In Manipur stehen sich zwei ethnische Gruppen unversöhnlich gegenüber, mit grausamen Gewaltakten zur Folge

Von Jan Diedrichsen

Es ist selten, dass Narendra Modi, der Regierungschef Indiens, sich politisch vom Parlament unter Druck setzen lässt. Dafür hat seine Partei Bharatiya Janata (BJP) eine zu komfortable Mehrheit und kann normalerweise auch im Parlament schalten und walten, wie sie will. Noch seltener kommt es vor, dass sich der Hindu-Nationalist Modi besorgt über die Entwicklung der vielen Völker Indiens gibt.

Der Konflikt im Norden Indiens brach im Mai zwischen den überwiegend hinduistischen Meiteis, der dominierenden ethnischen Gruppe des Bundesstaates, die in den Tiefebenen rund um die Hauptstadt Imphal lebt, und den hügelbewohnenden, hauptsächlich christlichen Kukis aus.

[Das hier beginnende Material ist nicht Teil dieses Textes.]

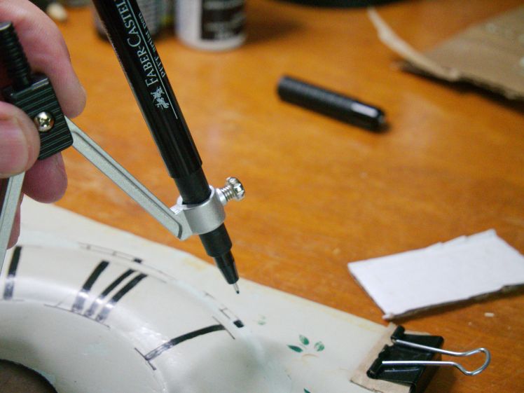Once the inner and outer rings of the time track are completed, press the credit card against the convex time track and using the Sharpie pen draw thin straight accent lines on each of the numerals. The effect is subtle but effective.

Die Spannungen zwischen den Gruppen eskalierten, nachdem die von der BJP geführte Regierung des Bundesstaates einen Plan zur Ausweitung des Stammesstatus auf die Meiteis in Betracht zog, was ihnen die gleichen Vorteile verschaffen würde, die auch die Kukis genießen, darunter das Recht, Land in den Hügeln zu kaufen.

Die Oppositionsparteien wittern nun einen Hebel, um der Dominanz der BJP zu begegnen und erklären die Konflikte in Manipur zum „Problem für die nationale Sicherheit“ – eine Ansicht, die von vielen indischen Analysten geteilt wird, die davor warnen, dass die Konflikte auf die benachbarten Staaten in einer instabilen Region übergreifen könnten.

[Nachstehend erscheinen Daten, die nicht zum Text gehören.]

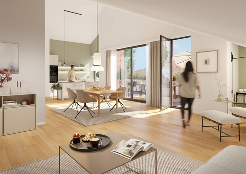Diese Penthouse-Wohnung im Dachgeschoss ist die hochwertigste Einheit des Hauses: lichtdurchflutet, großzügig und mit außergewöhnlicher Außenfläche. Mittelpunkt ist die rund 40 m² große Dachterrasse mit weitem Blick über die Hengtestr. – ideal für gemütliche Abende, Essen im Freien und entspannte Stunden. Im Inneren bietet die Wohnung mit ca. 125,78 m² ein klar gehobenes Raumkonzept: ein großer Wohn- und Essbereich mit offener Küche, ein Schlafzimmer mit Ankleide sowie ein separates Gäste-WC.

Die neu gegründete „India National Developmental Inclusive Alliance“, ein Zusammenschluss von Oppositionsparteien, beschuldigte Modi, die Gewalt mit „dreister Gleichgültigkeit“ zu behandeln, die seit Mai mehr als 180 Menschen getötet und mehr als 60.000 Menschen vertrieben hat.

Modis einzige Äußerungen dazu kamen letzten Monat, als er „Schmerz“ und „Wut“ über ein weit verbreitetes Video äußerte, das zeigt, wie zwei Frauen der Minderheit der Kuki von einer Menschenmenge nackt vorgeführt wurden.

Manipur ist einer der nordöstlichen Bundesstaaten, die als die „Sieben Schwestern“ bekannt sind, eine Region, die seit der Unabhängigkeit Indiens im Jahr 1947 von Konflikten geplagt wird. Der Bundesstaat grenzt an China und der Chin-Region in Myanmar/Burma, wo die Bewohner seit dem Militärputsch im Jahr 2021 in offener Revolte stehen.

Im Gegensatz zu früheren Konflikten im Nordosten, bei denen bewaffnete Aufständische gegen den Staat kämpften, hat der derzeitige Konflikt in Manipur zwei ethnische Gruppen gegeneinander aufgebracht, mit grausamen Gewaltakten, wie der Verbrennung von zwei Frauen und einem Kind in einem Krankenwagen und einem Mann, dessen Kopf auf einen Pfahl gespießt wurde.

Ein Übergreifen des Konflikts über Manipur hinaus auf andere Regionen im Nordosten droht, da die Kukis ethnisch mit den Mizos im indischen Bundesstaat Mizoram im Süden und mit den Chin im benachbarten Myanmar/Burma verwandt sind. Einige Mitglieder der Gruppe leben auch in Bangladesch.

Die Nagas, die zweitgrößte ethnische Gruppe Manipurs, haben sich größtenteils neutral  verhalten, aber Befürchtungen geäußert, dass sie hineingezogen werden könnten in die sich schneller drehende Spirale der Gewalt. 

Die Spannungen zwischen den Gemeinschaften haben sich auch in anderen Teilen Indiens verschärft, während Modi systematisch demokratische Institutionen schwächt und die Interessen der hinduistischen Mehrheit fördert. In der Nähe von Neu-Delhi kamen kürzlich bei Zusammenstößen zwischen Hindus und Muslimen mindestens sechs Menschen ums Leben.

Die Regierung hat vorerst etwa 50.000 Soldaten, bewaffnete Polizei und andere Sicherheitskräfte in den Staat entsandt, um Pufferzonen zwischen den kämpfenden Gemeinschaften zu schaffen.